Tomra’s sensor-based sorting technology, including the TOMRA 5C platform, is a key pillar of the group’s recycling and food-sorting business and an important driver of long-term growth narratives.

What the TOMRA 5C actually does

At its core, the TOMRA 5C is an optical sorter for dried fruits, nuts, seeds, and similar foods, built to detect defects and foreign material at very high speed. It uses high-resolution cameras and lasers to scan every single piece on the belt.

Processors can run raisins, cashews, sunflower seeds, and more through the same compact platform and train the system to reject discoloration, mold, shells, or plastics. The result, when properly tuned, is cleaner product and fewer customer complaints.

Deep learning inside the machine

Tomra pairs the TOMRA 5C hardware with its TOMRA Insight and deep-learning software modules, allowing the sorter to recognize increasingly subtle defects over time. Patterns learned from one line can be transferred and refined for another product.

On the operator side, this feels less like tweaking dozens of obscure parameters and more like choosing clear recipes for “premium”, “standard”, or “maximum yield”. The user interface is surprisingly tidy for such an industrial workhorse.

Speed, footprint, and day-to-day handling

Depending on configuration and product, the TOMRA 5C can handle several tons per hour, which makes it suitable for medium and large processors that run multiple shifts. Despite that throughput, the machine’s footprint stays relatively compact for crowded plants.

Maintenance is dominated by cleaning: removing dust, sticky fruit residues, and shell pieces from chutes and inspection areas. Doors and panels are laid out for quick access, but managers still need to plan regular pauses if they want consistent detection performance.

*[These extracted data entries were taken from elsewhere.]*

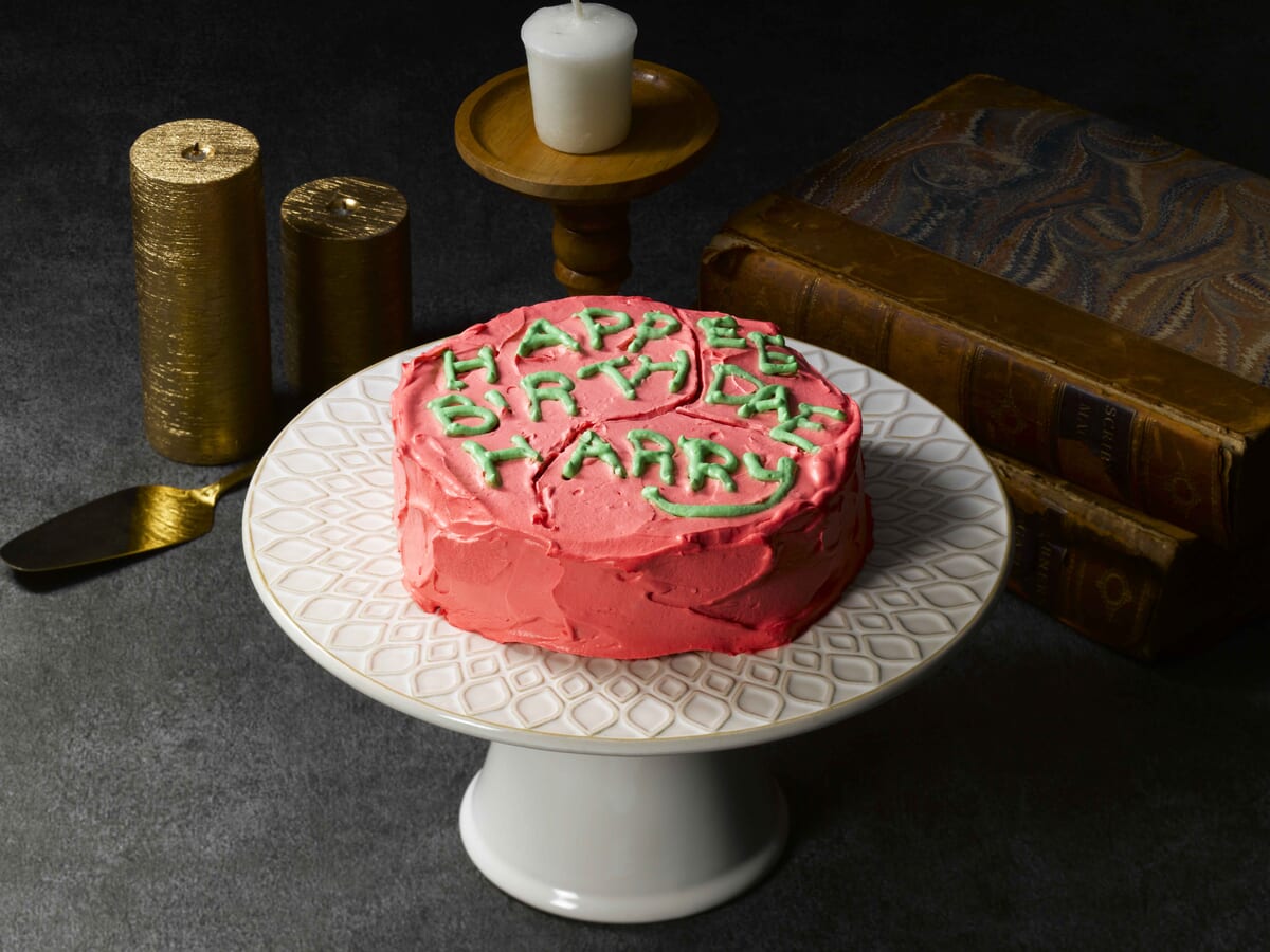 3~4人でのシェアにピッタリなサイズのケーキはチョコレートスポンジでフランボワーズクリームをサンドし、映画に登場した「ハリー・ポッター」にとって初めてのバースデーケーキを再現しています。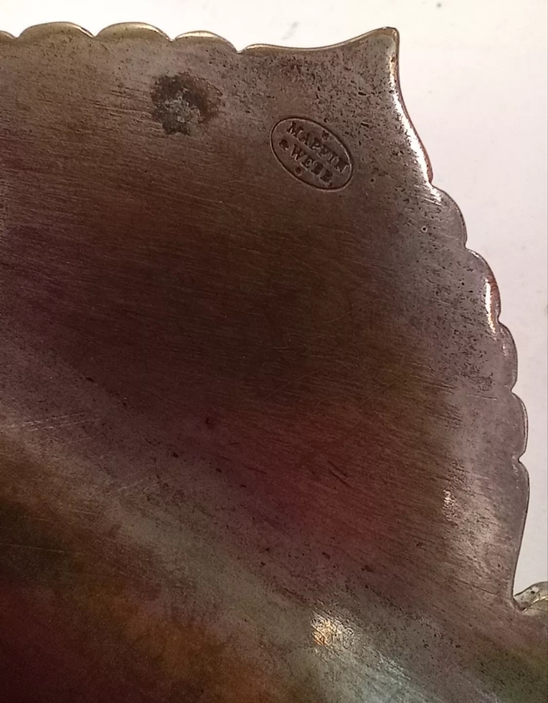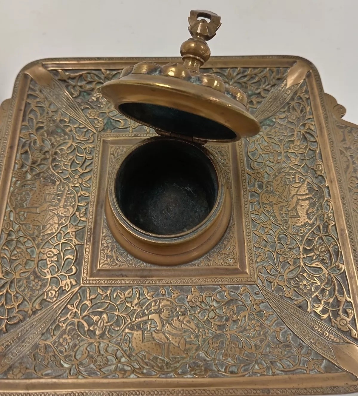 This brass inkstand marked “Mappin & Webb” has a square base with rounded corners. The intricate filigree work on the base features elaborate patterns that seem to incorporate Oriental motifs, including horsemen.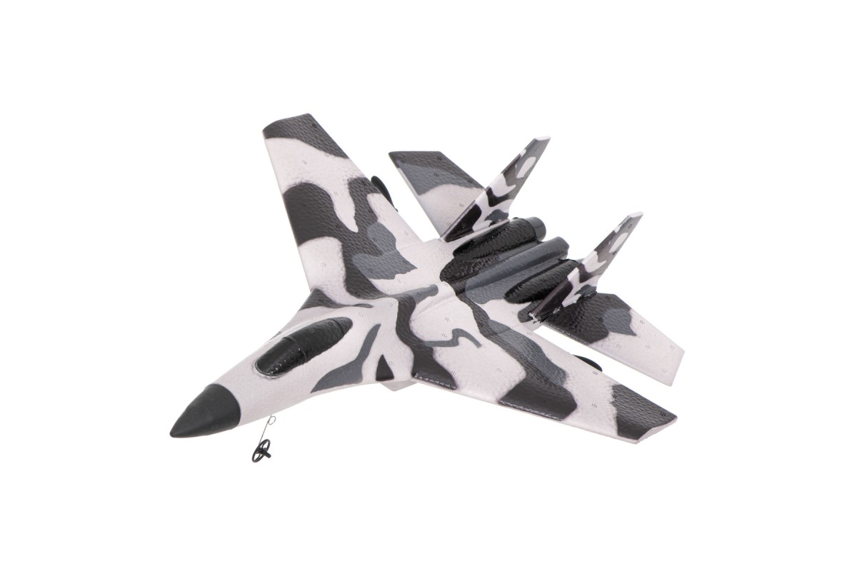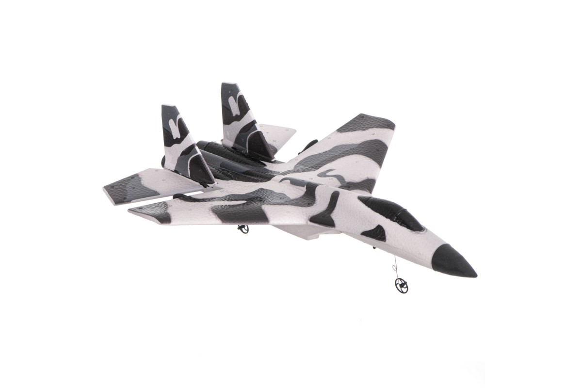 Во время полета модель выглядит как настоящий реактивный истребитель СУ-35. Фюзеляж, крыло и оперение изготовлены из эластичного удароустойчивого пеноматериала, а носовой обтекатель из мягкой резины, поэтому данный радиоуправляемый самолет сложно сломать и легко починить. Благодаря двум мощным двигателям с толкающими винтами радиоуправляемый СУ-35 способен взлетать как с земли, так и с руки, а обтекаемые формы фюзеляжа позволяют модели красиво планировать.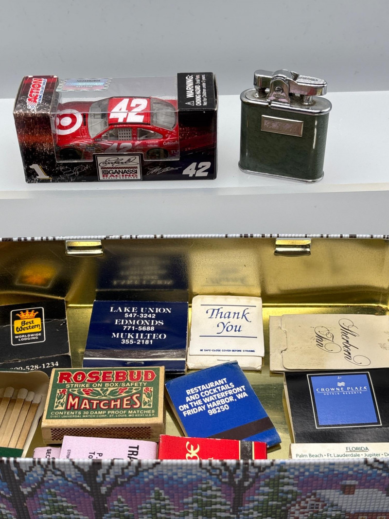 Lot # 91 - Vintage Matchbook Lot + Lighter, Tin & Diecast Car Bundle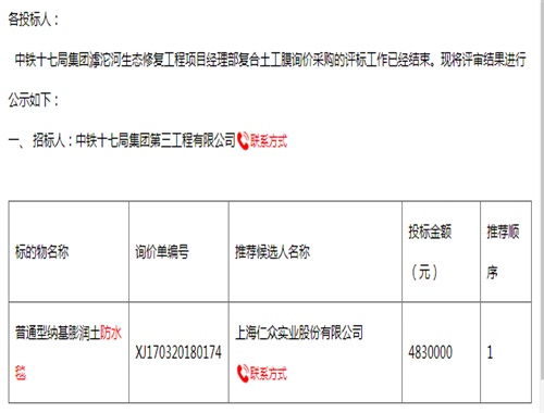 中標(biāo)中鐵十七局集團(tuán)滹沱河生態(tài)修復(fù)工程項(xiàng)目納基膨潤(rùn)土防水毯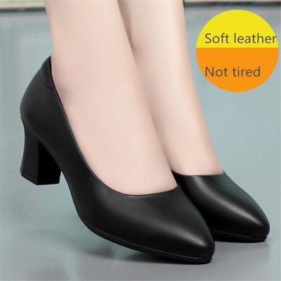 Women High Heel Shoes Ladies Pumps Fashion Soft Leather Professional Work Shoes Women Round Toe Thick Heel Shoes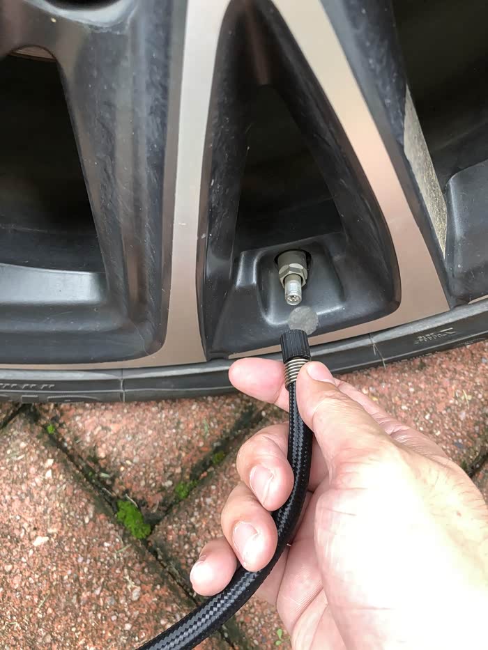 气嘴连接也很简单,不按压的情况下,轻轻放下去,可以给轮胎放气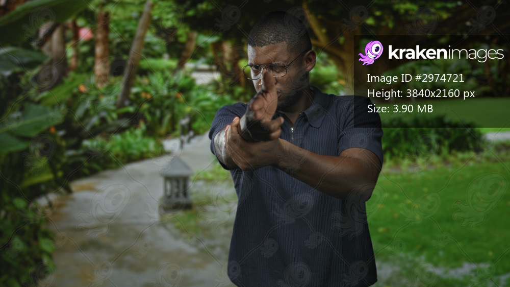 Man finger to lips for silence holding his wrist, wearing glasses and navy shirt in forest pathway; contemplation.

Where the limits become visible

The TOMRA 5C shines with fairly uniform products, like calibrated nuts or raisins. Mixed, highly irregular raw material, or products with heavy surface seasoning, can demand more experimentation and advanced setup work to reach the promised defect removal rates.

There is also the price point: optical sorters are capital equipment, not impulse buys. For small family processors with modest volumes, leasing or toll-processing with a partner may be more realistic than installing a full TOMRA 5C line.

How it fits into Tomra’s bigger story

For Tomra Systems ASA, the TOMRA 5C sits in the Food segment alongside platforms such as TOMRA 3C and TOMRA 5B and aims to capture growing demand for safer, more consistent food supply chains. The machine targets especially the global snack and dried-fruit industry.

Shares of Tomra Systems ASA (NO0005668905) trade on the Oslo Stock Exchange, where the company is listed in Norwegian kroner.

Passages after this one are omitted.